Remix.run Logo
dajonker 2 hours ago

Wouldn't be surprised if they slowly start quantizing their models over time. Makes it easier to scale and reduce operational cost. Also makes a new release have more impact as it will be more notably "better" than what you've been using the past couple of days/weeks.

Roark66 16 minutes ago | parent | next [-]

I haven't noticed much difference in Claude, but I swear gemini 3 pro preview was better in the first week or two and later started feeling like they quantized it down to hell.

kilroy123 an hour ago | parent | prev | next [-]

It sure feels like they do this. They claim they don't, but using it every day for 5-10 hours a day. You notice when something changes.

This last week it seems way dumber than before.

eli 38 minutes ago | parent | prev | next [-]

I would be surprised tbh.

Anthropic does not exactly act like they're constrained by infra costs in other areas, and noticeably degrading a product when you're in tight competition with 1 or 2 other players with similar products seems like a bad place to start.
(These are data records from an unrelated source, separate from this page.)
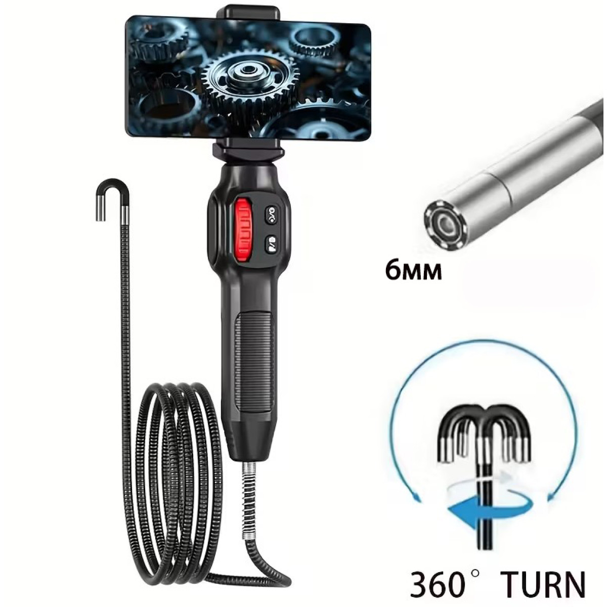 Бороскоп с камерой 6 мм и шарнирным зондом 180° U200-6мм-1м (Type-C, iOS/Android)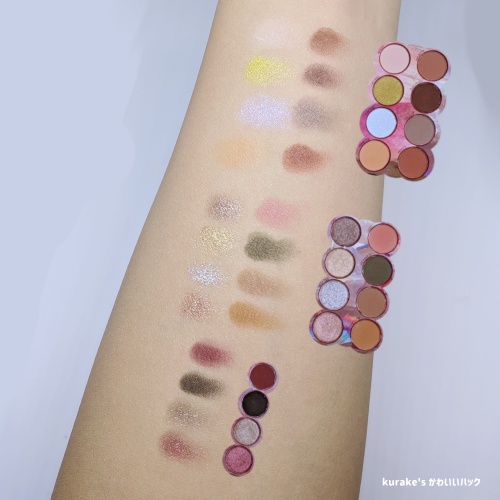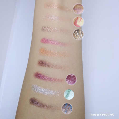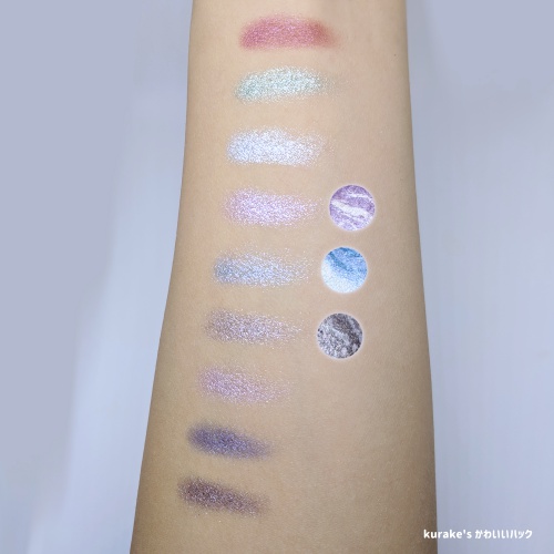 Solar Flareは名前の通り、黄味がかった色が集結しているパレットです。Aurora Lightsはメタリックで鮮やかな色、supernovaはメタリックでスモーキーというかダークな色がソロっていう印象。
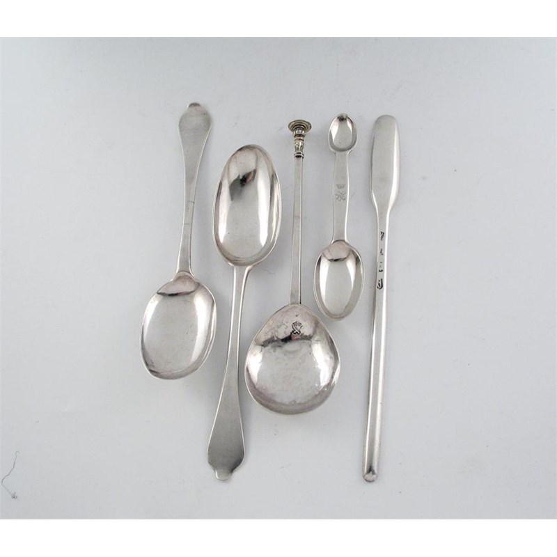 A Victorian medicine spoon, of conventional form with an engraved coronet and cypher in the centre, by George Adams, London 1874, 5.45in (13.8cm) long, 1oz.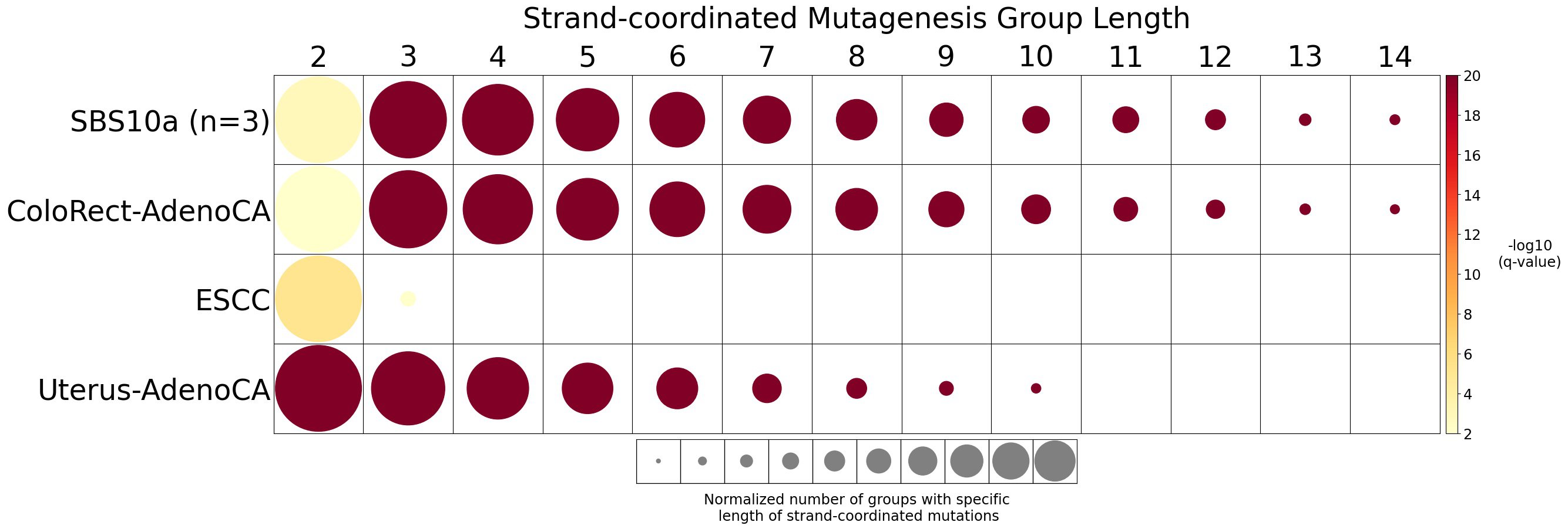 Strand-coordinated mutagenesis analysis identifies groups of consecutive single-base substitutions on the same DNA strand with the same pyrimidine mutation context (e.g., consecutive C>A, C>A, C>A) attributed to the same mutational signature within a sample.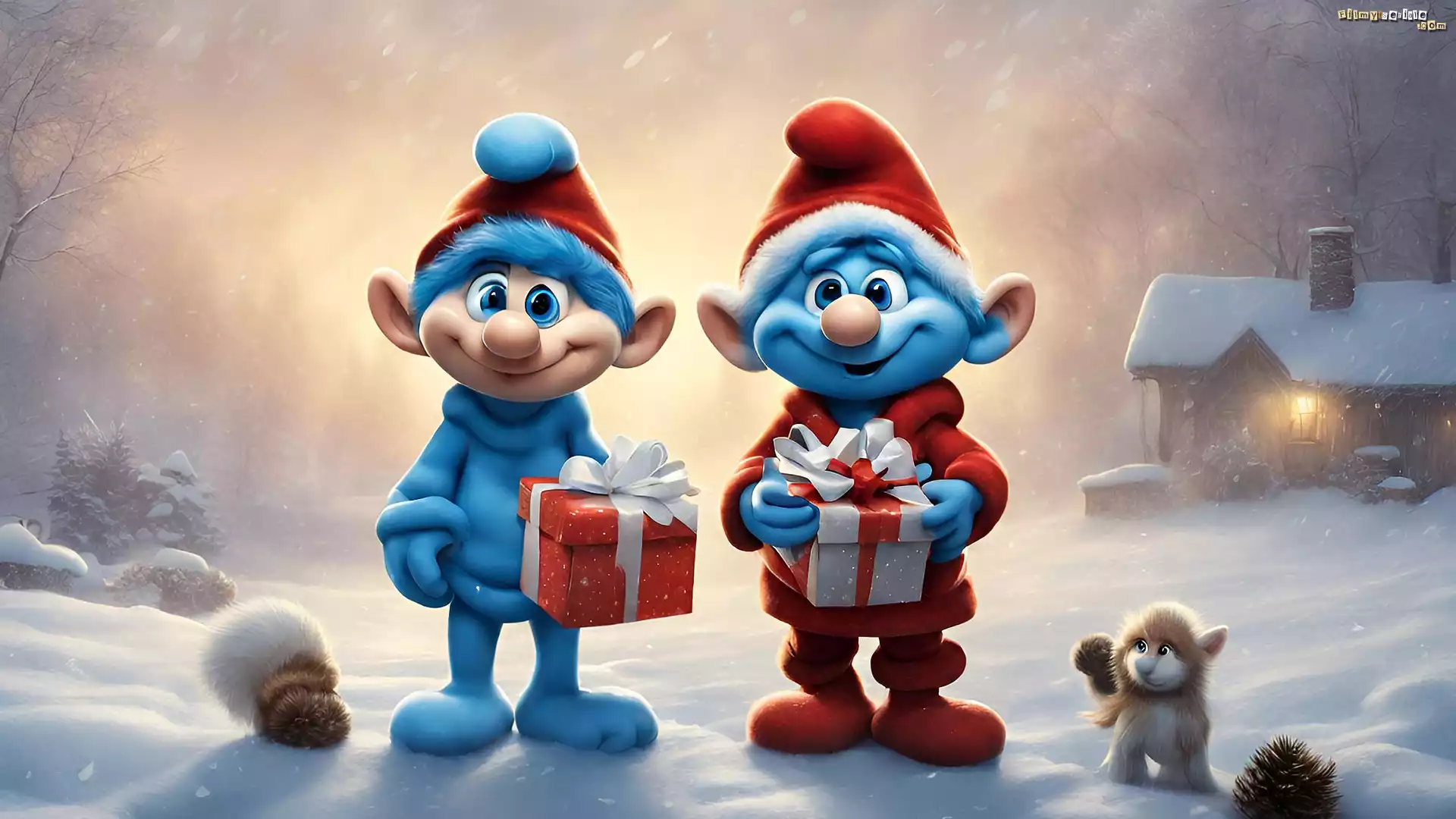 Dwa, Smerfy, Prezenty, Zima

I think people just notice the flaws in these models more the longer they use them. Aka the "honeymoon-hangover effect," a real pattern that has been shown in a variety of real world situations.

rustyhancock 2 hours ago | parent | prev | next [-]

Oooff yes I think that is exactly the kind of shenanigans they might pull.

Ultimately I can understand if a new model is coming in without as much optimization then it'll add pressure to the older models achieving the same result.

Nice plausible deniability for a convenient double effect.

YetAnotherNick 2 hours ago | parent | prev [-]

Benchmarks like ARG AGI are super price correlated and cheap to run. I think it's very easy to prove that the models are degrading.